(Data begins)

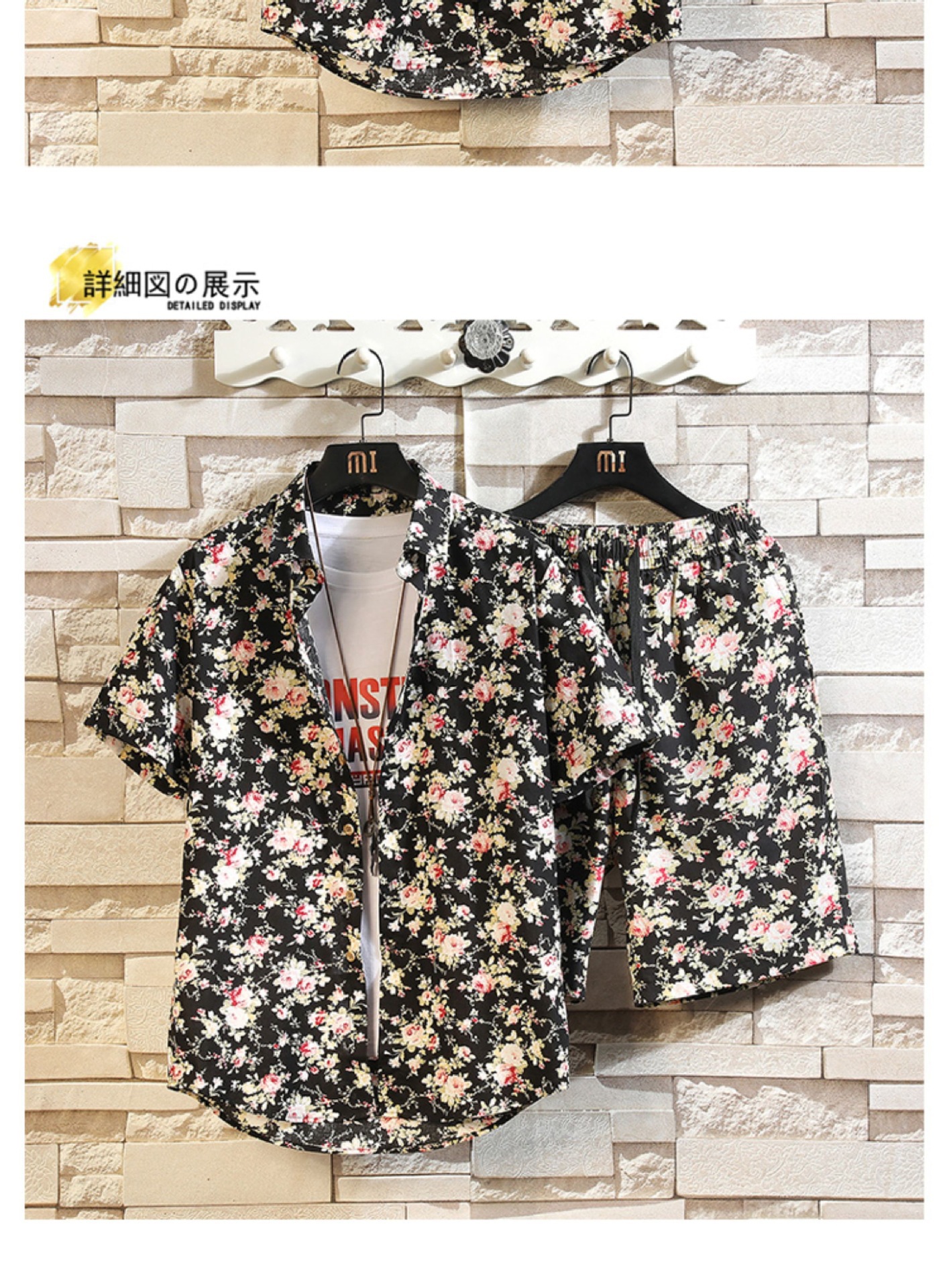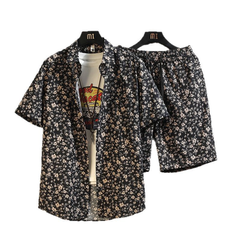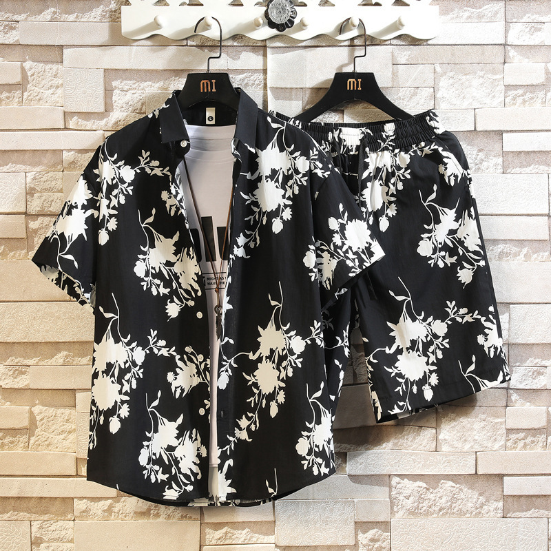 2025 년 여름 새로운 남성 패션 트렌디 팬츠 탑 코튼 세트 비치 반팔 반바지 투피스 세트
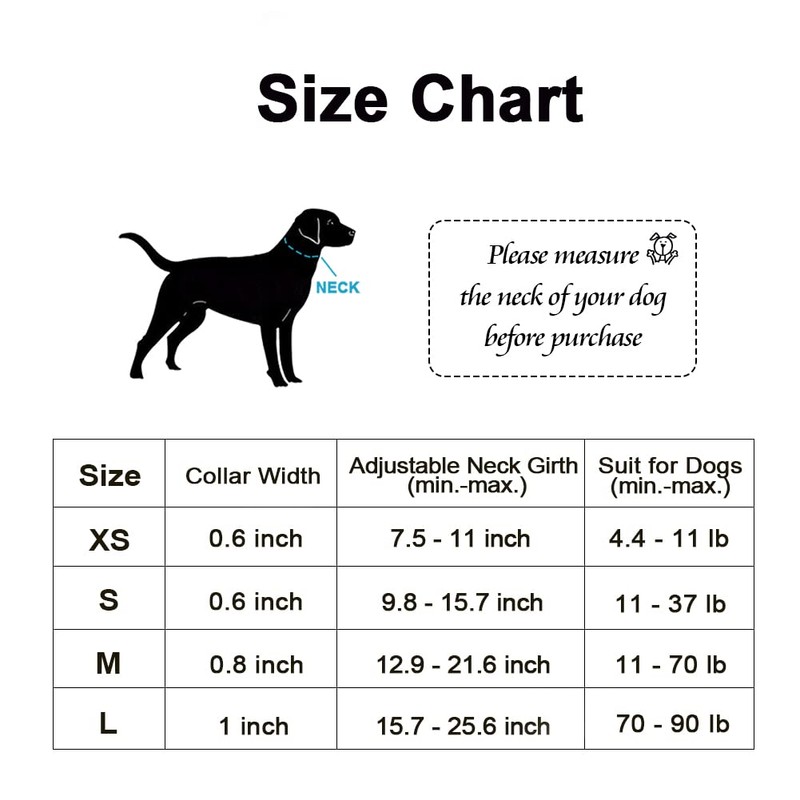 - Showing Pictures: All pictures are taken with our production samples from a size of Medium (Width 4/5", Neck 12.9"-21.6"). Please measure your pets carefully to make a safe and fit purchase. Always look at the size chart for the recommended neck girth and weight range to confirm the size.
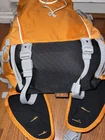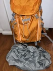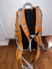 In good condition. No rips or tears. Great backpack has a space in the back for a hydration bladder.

(Data ends)

● **Task details**: Reproduce the listing above exactly, but skip the pictures.

● **Your solution**:
 2025 년 여름 새로운 남성 패션 트렌디 팬츠 탑 코튼 세트 비치 반팔 반바지 투피스 세트
 - Showing Pictures: All pictures are taken with our production samples from a size of Medium (Width 4/5", Neck 12.9"-21.6"). Please measure your pets carefully to make a safe and fit purchase. Always look at the size chart for the recommended neck girth and weight range to confirm the size.
 In good condition. No rips or tears. Great backpack has a space in the back for a hydration bladder.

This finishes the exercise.